Los asesinatos de albaneses, árabes y rusos están a la orden del día. Mueren tantos que los expedientes ni siquiera llegan a Jefatura: los cierran las comisarías locales. Aprovechando que los de Jefatura estamos aquí, nos distraen de nuestra labor principal. Me acerco a la puerta para mirar los timbres.

– En el segundo -oigo la voz de Antonópulos a mis espaldas-. El timbre está a nombre de una tal Triantafilidu, lo he comprobado -añade, satisfecho de sí mismo.

– Menos mal que te dio tiempo de hacerlo antes de que se cargaran a los rusos.

Empujo la puerta entreabierta y paso. Dermitzakis pretende seguirme, pero lo detengo.

– Tú quédate con Antonópulos. -Me mira con desazón-. No es necesario que subamos en rebaño, no somos de Antivicio -le explico. Retrocede y yo entro en el ascensor.

No le he indicado que se quedara para evitar llamar la atención, sino para proteger a Élena Kusta. No quiero que un desconocido la vea en la cama con su amante. Mis propias reacciones me irritan, no sé qué me impulsa a mostrarme tan considerado con ella. Quizá me sienta culpable por haber imaginado que era una furcia cuando en realidad es toda una señora. Sin embargo, si se confirma mi primera impresión y la pillo in fraganti con su amante, la señora Kusta-Fragaki será sospechosa del asesinato de su marido. Aun así, me resisto a comprometerla. Será cosa de mi enfermedad, como dice Sotirópulos, tan aficionado a las explicaciones fáciles.
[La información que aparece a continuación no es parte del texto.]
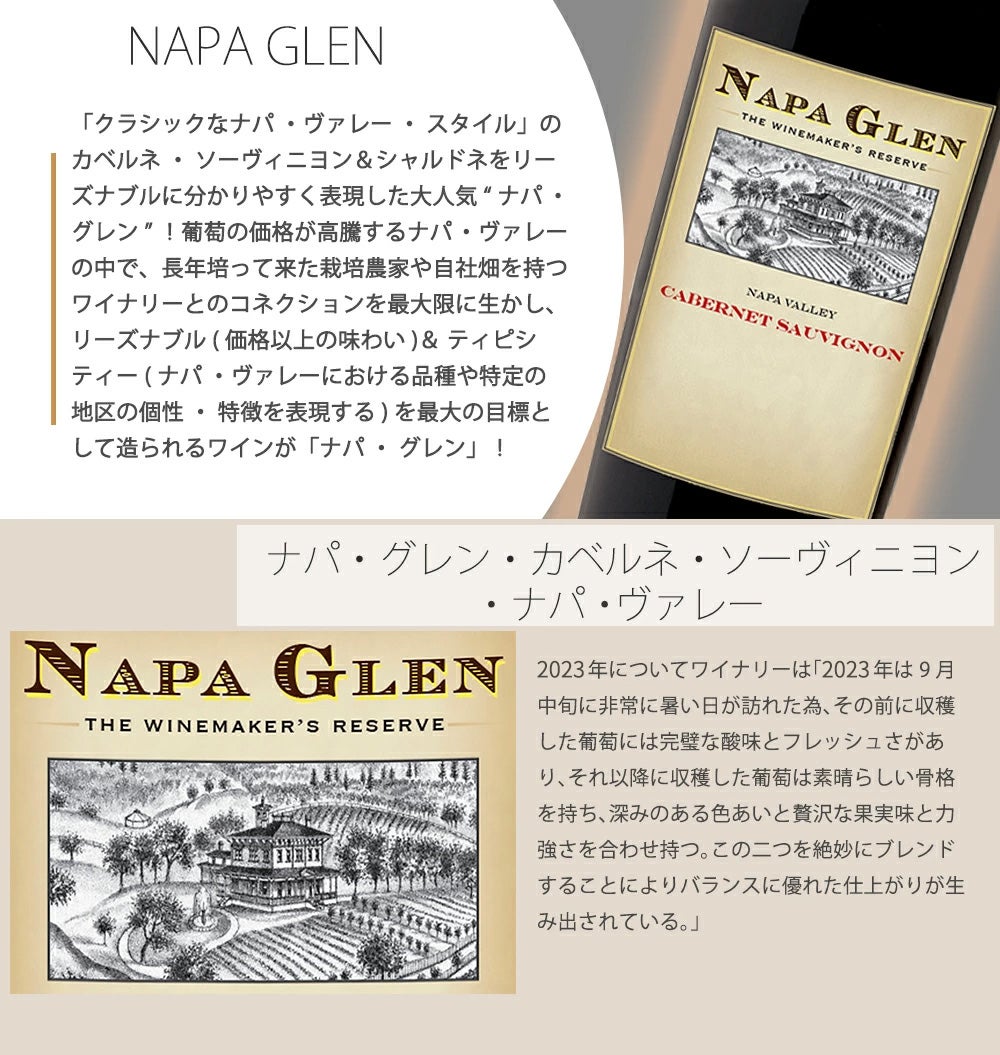 他の画像を見る ナパ グレン カベルネ ソーヴィニヨン ナパ ヴァレー 2023 AVAナパ ヴァレー アルコール度数14.5%NAPA GLEN Cabernet Sauvignon Napa Valley 2023 AVA Napa Valley 赤ワイン アメリカ フルボディ 辛口 当店特別価格 ¥ 3,762 税込 カートに入れる お気に入りに登録する

El piso a nombre de Triantafilidu es el último de la derecha. Llamo al timbre y me abre una mujer de unos sesenta años con el cabello blanco, vestida de negro y gris. Blusa gris, falda negra, medias grises, zapatillas negras…, ropa pasada de moda, de la época de los parques y las estatuas limpias. La sorpresa es mutua, porque ni ella esperaba ver a un desconocido ni yo a una vieja en un nidito de amor. A no ser que alquile su piso por horas. Rooms to let para follar.